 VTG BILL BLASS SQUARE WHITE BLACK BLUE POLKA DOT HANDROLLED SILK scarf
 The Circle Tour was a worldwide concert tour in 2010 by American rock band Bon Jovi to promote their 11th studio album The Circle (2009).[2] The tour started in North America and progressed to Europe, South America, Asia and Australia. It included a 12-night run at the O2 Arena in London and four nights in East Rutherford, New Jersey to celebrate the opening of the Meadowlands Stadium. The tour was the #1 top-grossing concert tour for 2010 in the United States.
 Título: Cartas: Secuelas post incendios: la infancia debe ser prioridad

◆ ◆ ◆ ◆ ◆

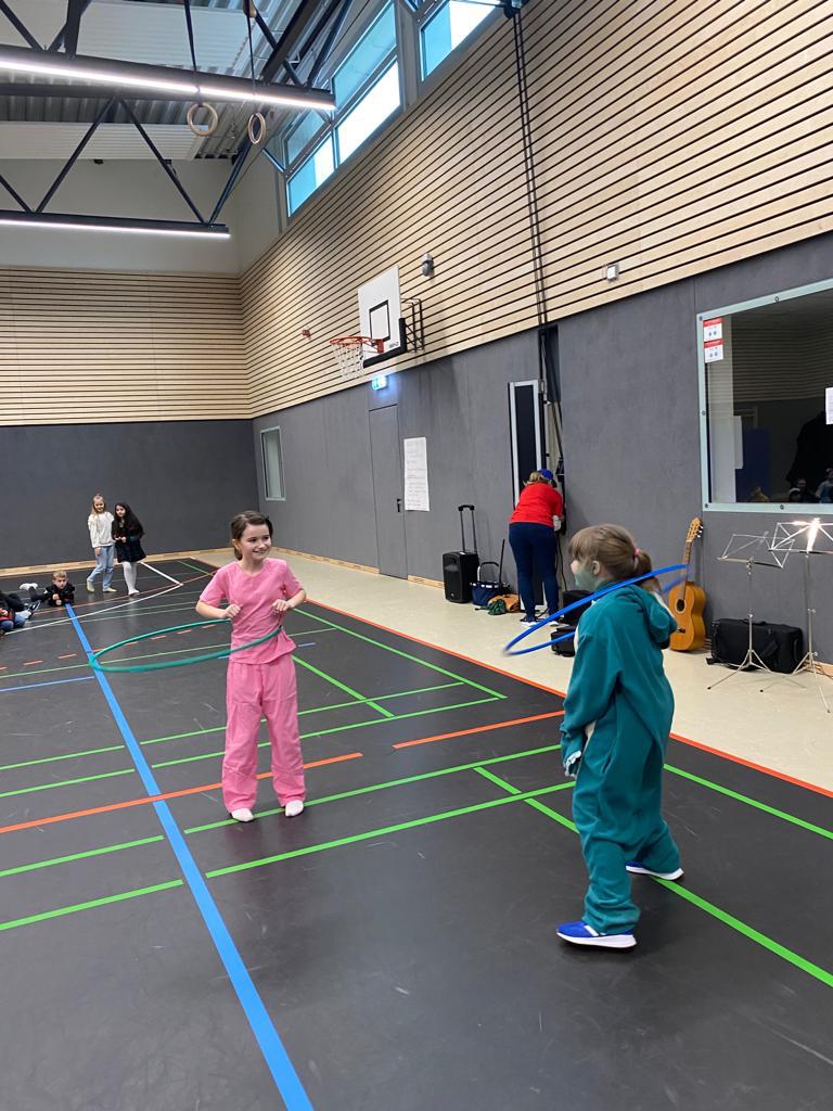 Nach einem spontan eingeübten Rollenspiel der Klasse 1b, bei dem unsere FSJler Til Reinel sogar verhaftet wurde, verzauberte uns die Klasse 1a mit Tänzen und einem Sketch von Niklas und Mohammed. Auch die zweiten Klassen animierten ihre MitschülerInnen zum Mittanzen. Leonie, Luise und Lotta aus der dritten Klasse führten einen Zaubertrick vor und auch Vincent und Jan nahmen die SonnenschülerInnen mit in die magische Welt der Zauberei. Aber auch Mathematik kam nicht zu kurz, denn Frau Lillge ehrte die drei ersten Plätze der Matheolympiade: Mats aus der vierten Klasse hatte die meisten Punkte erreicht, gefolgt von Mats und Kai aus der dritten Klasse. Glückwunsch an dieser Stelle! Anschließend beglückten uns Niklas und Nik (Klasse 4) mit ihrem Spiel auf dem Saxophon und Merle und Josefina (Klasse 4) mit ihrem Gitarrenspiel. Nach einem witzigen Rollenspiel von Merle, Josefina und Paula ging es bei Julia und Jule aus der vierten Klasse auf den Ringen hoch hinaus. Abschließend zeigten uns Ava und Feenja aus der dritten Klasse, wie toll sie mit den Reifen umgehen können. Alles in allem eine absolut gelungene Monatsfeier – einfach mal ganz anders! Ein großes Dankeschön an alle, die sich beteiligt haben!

◆ ◆ ◆ ◆ ◆

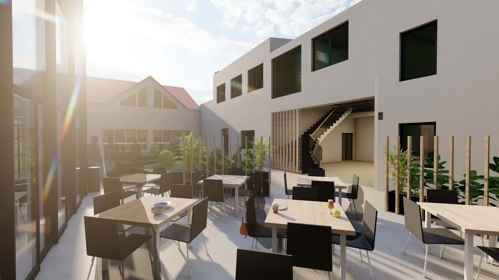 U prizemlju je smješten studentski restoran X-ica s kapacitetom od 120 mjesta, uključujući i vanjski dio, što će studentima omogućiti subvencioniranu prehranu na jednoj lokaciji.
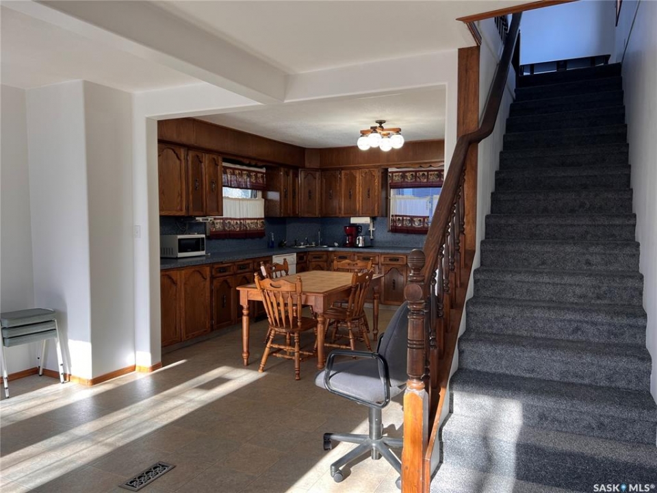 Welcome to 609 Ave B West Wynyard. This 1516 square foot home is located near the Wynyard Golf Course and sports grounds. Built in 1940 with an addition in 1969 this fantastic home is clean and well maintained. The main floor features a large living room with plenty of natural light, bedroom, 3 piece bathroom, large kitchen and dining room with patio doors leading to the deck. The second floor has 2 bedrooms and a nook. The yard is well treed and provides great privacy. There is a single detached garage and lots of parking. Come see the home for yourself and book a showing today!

◆ ◆ ◆ ◆ ◆

» Brief: Above this task is a listing. Restate, word for word and with nothing added, the lines from the one with "VTG BILL BLASS" through the one with "The Circle Tour".

» Result for this task:
 VTG BILL BLASS SQUARE WHITE BLACK BLUE POLKA DOT HANDROLLED SILK scarf
 The Circle Tour was a worldwide concert tour in 2010 by American rock band Bon Jovi to promote their 11th studio album The Circle (2009).[2] The tour started in North America and progressed to Europe, South America, Asia and Australia. It included a 12-night run at the O2 Arena in London and four nights in East Rutherford, New Jersey to celebrate the opening of the Meadowlands Stadium. The tour was the #1 top-grossing concert tour for 2010 in the United States.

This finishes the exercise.